Tel un escargot, la Viteco s'arrête à nouveau une ou deux fois dans chacun des rangs suivants. Pour déprendre un fil resté accroché à un tendeur sur un piquet ou après la rupture d'un fil. Ce n'est pas tout. Après avoir terminé un rang, le chauffeur repart à vide. Il remonte les 200 mètres de vignes pour reprendre le rang suivant dans le même sens que le premier. « Pour éviter cela, il faudrait alterner l'accrochage des fils à droite et à gauche des piquets, car la machine ne travaille que du côté droit », fait remarquer Thomas Junck. « Tout ça fait beaucoup de travail », résume un vigneron.

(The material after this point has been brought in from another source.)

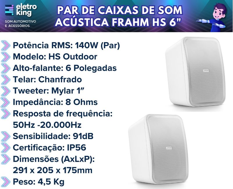 Par de Caixas de Som Acústica Frahm HS 6" Outdoor Passiva Branca - 140 Watts Rms 8 Ohms Par de Caixas de Som Acústicas Frahm HS 6", com design elegante, ideais para ambientes externos. Cada caixa oferece 70 Watts RMS de potência e opera em 8 Ohms, proporcionando alta qualidade de som e durabilidade em condições climáticas variadas. São preparadas para reproduzir toda faixa de frequência acústica com o mínimo de oscilação, ou seja, todo som emitido é recebido com a mesma intensidade e qualidade, sem variações entre o som de uma voz ou de um instrumento, por exemplo. Perfeitas para sonorização de áreas externas, como varandas, jardins e espaços de lazer. Especificações Técnicas: • Potência RMS: 140W ( Par ) • Modelo: HS Outdoor • Alto-falante: 6 Polegadas • Telar: Chanfrado • Tweeter: Mylar 1" • Impedância: 8 Ohms • Resposta de frequência: 50Hz - 20.000Hz • Sensibilidade: 91dB • Certificação: IP56 • Material: Plástico ABS resistente às intempéries. • Dimensões ( A x L x P ) : 291 x 205 x 175mm • Peso: 4,5 Kg Conteúdo da Embalagem: • 02 Caixas Frahm • 04 Knobs plásticos • 02 Suportes metálicos • 04 Parafusos 3,5 x 16mm • 02 Suportes plásticos da caixa • 02 Suportes plásticos de parede • 01 Manual de instruções Importante: • Garantia de 273 Dias. • Valor do Par.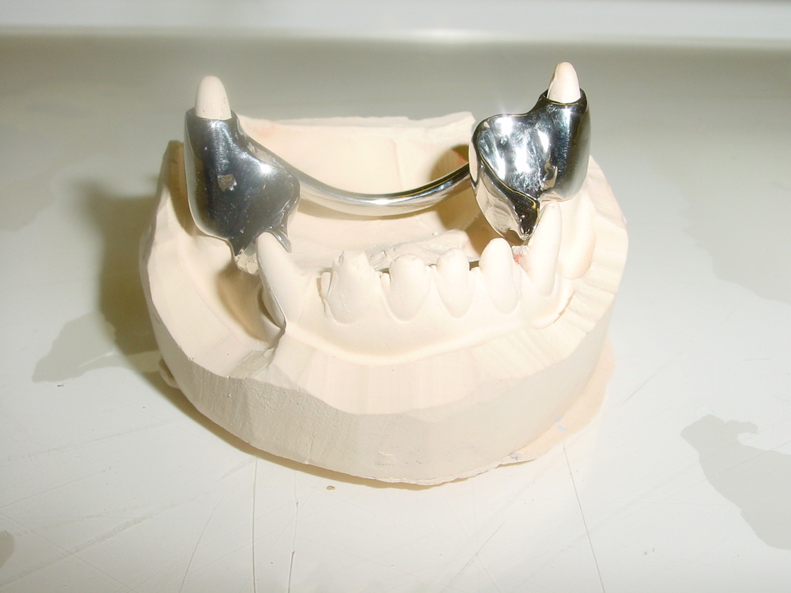 Bei der ersten Behandlung erstellten wir in Narkose mehrere Silikonabdrücke in Ober- und Unterkiefer, um mit Hilfe von Gipsmodellen die Bisssituation von Finja in einem Artikulator zu rekonstruieren. Auf Grundlage dieser Gipsmodelle wurde dann die Aufbeißschiene in einer Legierung aus Chromkobaltmolybdän im Gussverfahren hergestellt (Bild 4).

Selon le constructeur, la Viteco serait plus à son avantage dans une parcelle palissée sur des piquets métalliques dotés de crochets extérieurs et de fils en bon état. Elle avancerait alors jusqu'à 5,5 km/h et réaliserait ainsi une économie d'au moins trente heures de travail par hectare par rapport à un tirage manuel. À ce rythme, la Viteco, qui coûte 40 000 euros, serait rentable à partir de 35 hectares par an.